- Exercise: Write the entries below out again exactly; any picture in them stays out.

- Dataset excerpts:
════════════════════

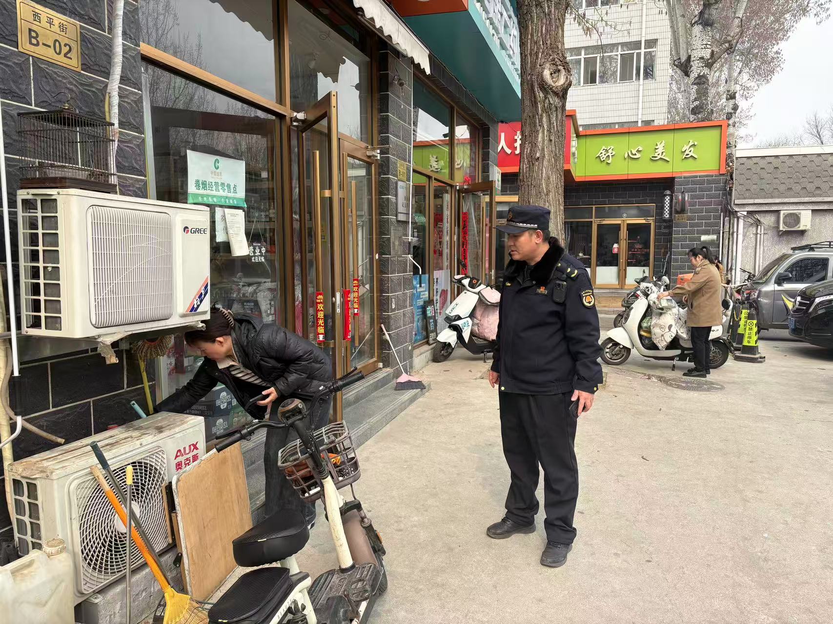 3月18日,机场执法队对辖区商户“门前三包”责任制落实情况进行检查。(通讯员 机场 边靖)
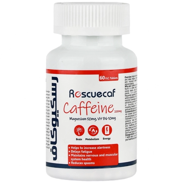 قرص کافئین + منیزیوم + ویتامین ب6 رسکیوکاف – 60 عددی
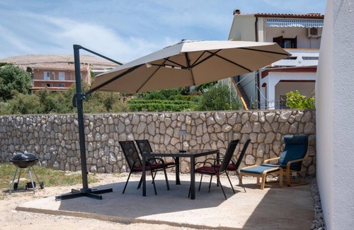 Holiday Home Violet is located in Pag, a beautiful island in Zadar County, Croatia. This charming holiday home offers a comfortable and serene retreat with stunning views of the Adriatic Sea. Situated in Pag, a picturesque island known for its beautiful beaches, rich history, and unique landscapes. Modern amenities such as air conditioning, Wi-Fi, and parking are often provided for guests' convenience. Holiday Home Violet offers a tranquil setting ideal for families, couples, or groups looking to experience the natural beauty and cultural heritage of Pag Island.
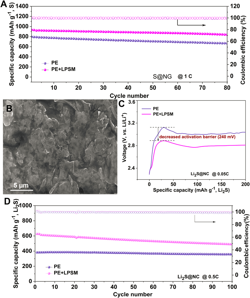 研究團(tuán)隊(duì)對(duì)Li-S電池的電化學(xué)性能進(jìn)行了比較,具有最佳溶劑化殼的電池比沒有Li2S8的電池表現(xiàn)出更高的初始容量和循環(huán)穩(wěn)定性。對(duì)循環(huán)后的正極進(jìn)行掃描電子顯微鏡 (SEM)圖像,表現(xiàn)出光滑的表面和硫的均勻分布,在完全充電/放電狀態(tài)下沒有任何硫或 Li2S聚集,這驗(yàn)證了多硫化物可以調(diào)節(jié)界面Li+傳輸和加速溶劑化殼重組。通過重組的溶劑化殼,Li2S的脫鋰勢(shì)壘可以從3.12 V顯著降低至2.88 V,多硫化物改變了溶劑化殼結(jié)構(gòu),緩沖了Li+從Li2S到電解質(zhì)的劇烈化學(xué)環(huán)境的變化,并減少了由吸附引起的額外界面能壘。
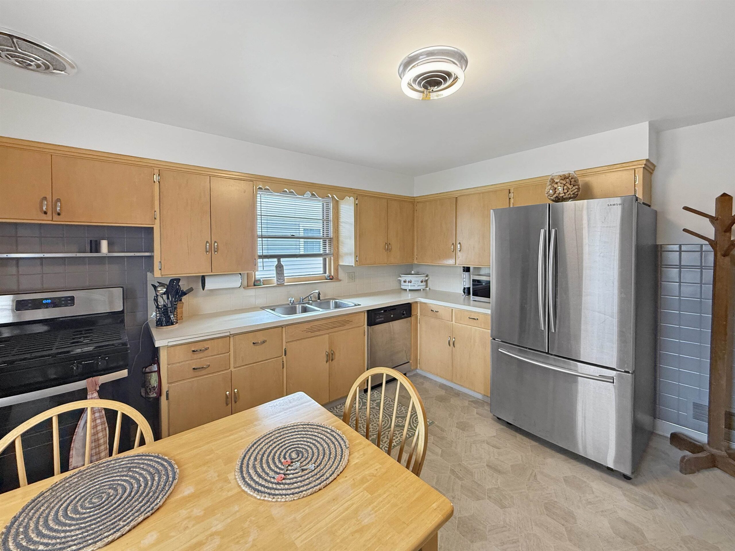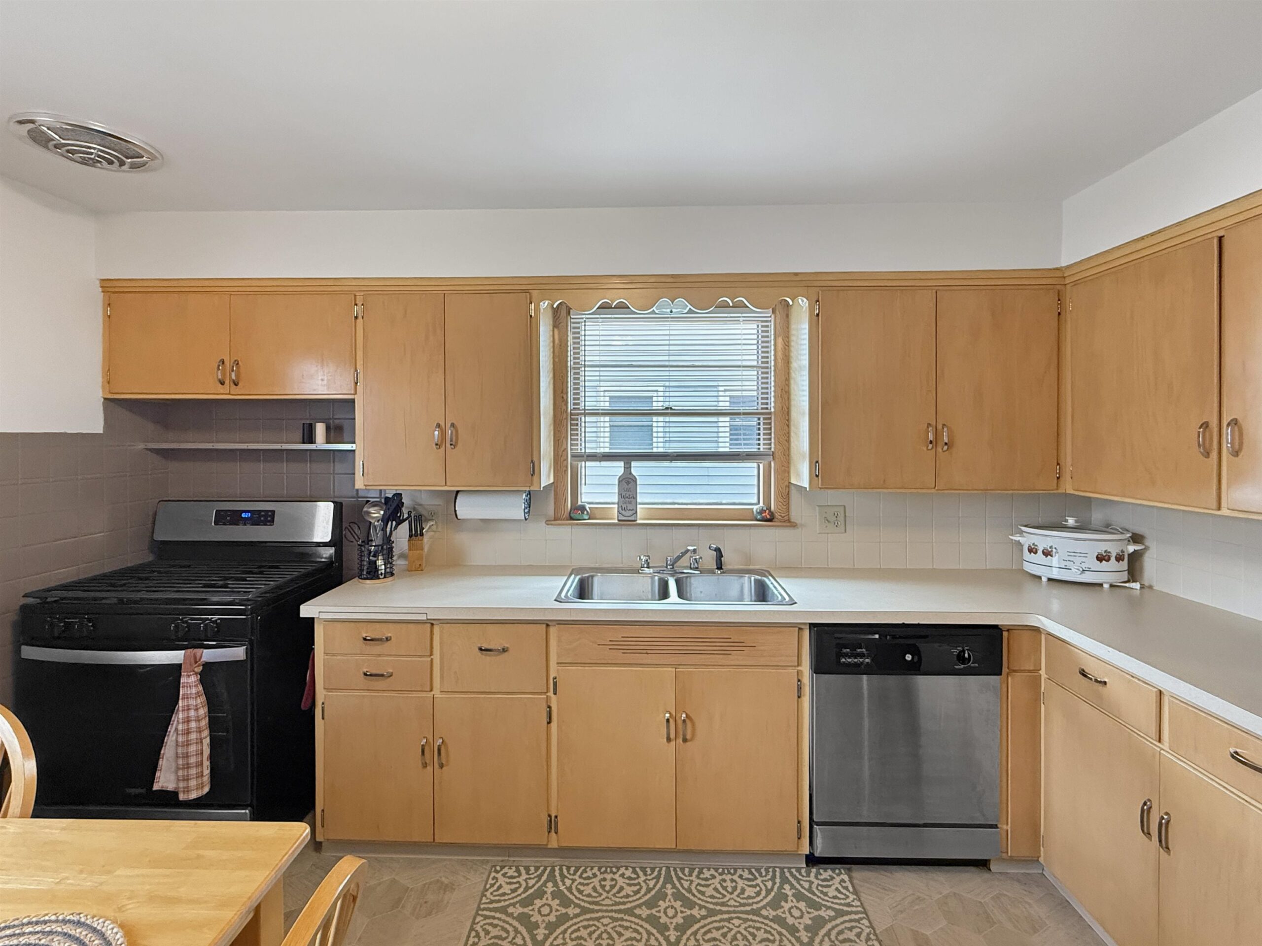 stove, refrigerator, dishwasher, window treatments

════════════════════

- Solution:
 3月18日,机场执法队对辖区商户“门前三包”责任制落实情况进行检查。(通讯员 机场 边靖)
 قرص کافئین + منیزیوم + ویتامین ب6 رسکیوکاف – 60 عددی
 Holiday Home Violet is located in Pag, a beautiful island in Zadar County, Croatia. This charming holiday home offers a comfortable and serene retreat with stunning views of the Adriatic Sea. Situated in Pag, a picturesque island known for its beautiful beaches, rich history, and unique landscapes. Modern amenities such as air conditioning, Wi-Fi, and parking are often provided for guests' convenience. Holiday Home Violet offers a tranquil setting ideal for families, couples, or groups looking to experience the natural beauty and cultural heritage of Pag Island.
 研究團(tuán)隊(duì)對(duì)Li-S電池的電化學(xué)性能進(jìn)行了比較,具有最佳溶劑化殼的電池比沒有Li2S8的電池表現(xiàn)出更高的初始容量和循環(huán)穩(wěn)定性。對(duì)循環(huán)后的正極進(jìn)行掃描電子顯微鏡 (SEM)圖像,表現(xiàn)出光滑的表面和硫的均勻分布,在完全充電/放電狀態(tài)下沒有任何硫或 Li2S聚集,這驗(yàn)證了多硫化物可以調(diào)節(jié)界面Li+傳輸和加速溶劑化殼重組。通過重組的溶劑化殼,Li2S的脫鋰勢(shì)壘可以從3.12 V顯著降低至2.88 V,多硫化物改變了溶劑化殼結(jié)構(gòu),緩沖了Li+從Li2S到電解質(zhì)的劇烈化學(xué)環(huán)境的變化,并減少了由吸附引起的額外界面能壘。
 stove, refrigerator, dishwasher, window treatments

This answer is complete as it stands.